**Description of the task:** Every line of the listing below must be printed again exactly, apart from its pictures.
Supplied information below:
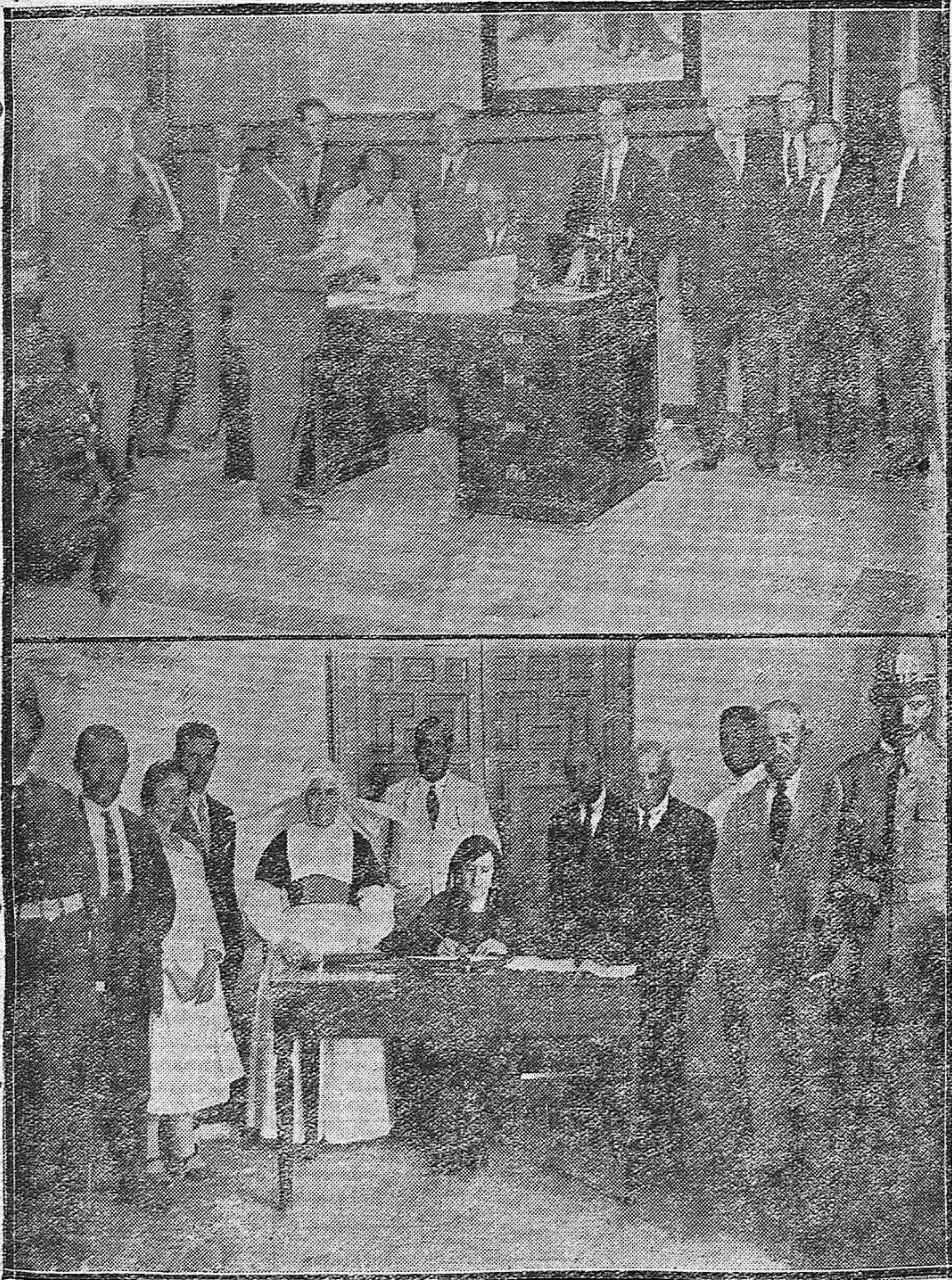
El Gobernador civil y otras distinguidas personalidades haciendo el recuento de firmas del plebiscito.--La mesa número 13 instalada en el Hospicio Provincial.
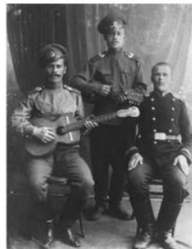
65-й московский пехотный полк
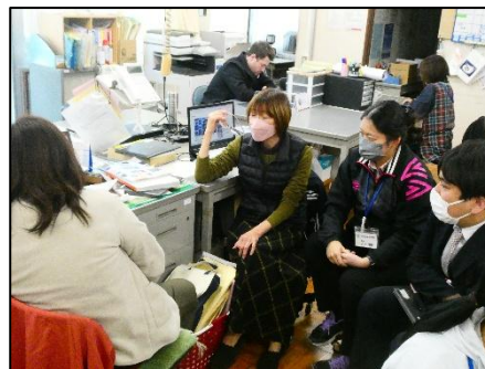
資料3 グループ協議の様子
End of Supplied information.
**Answer space:**
El Gobernador civil y otras distinguidas personalidades haciendo el recuento de firmas del plebiscito.--La mesa número 13 instalada en el Hospicio Provincial.
65-й московский пехотный полк
資料3 グループ協議の様子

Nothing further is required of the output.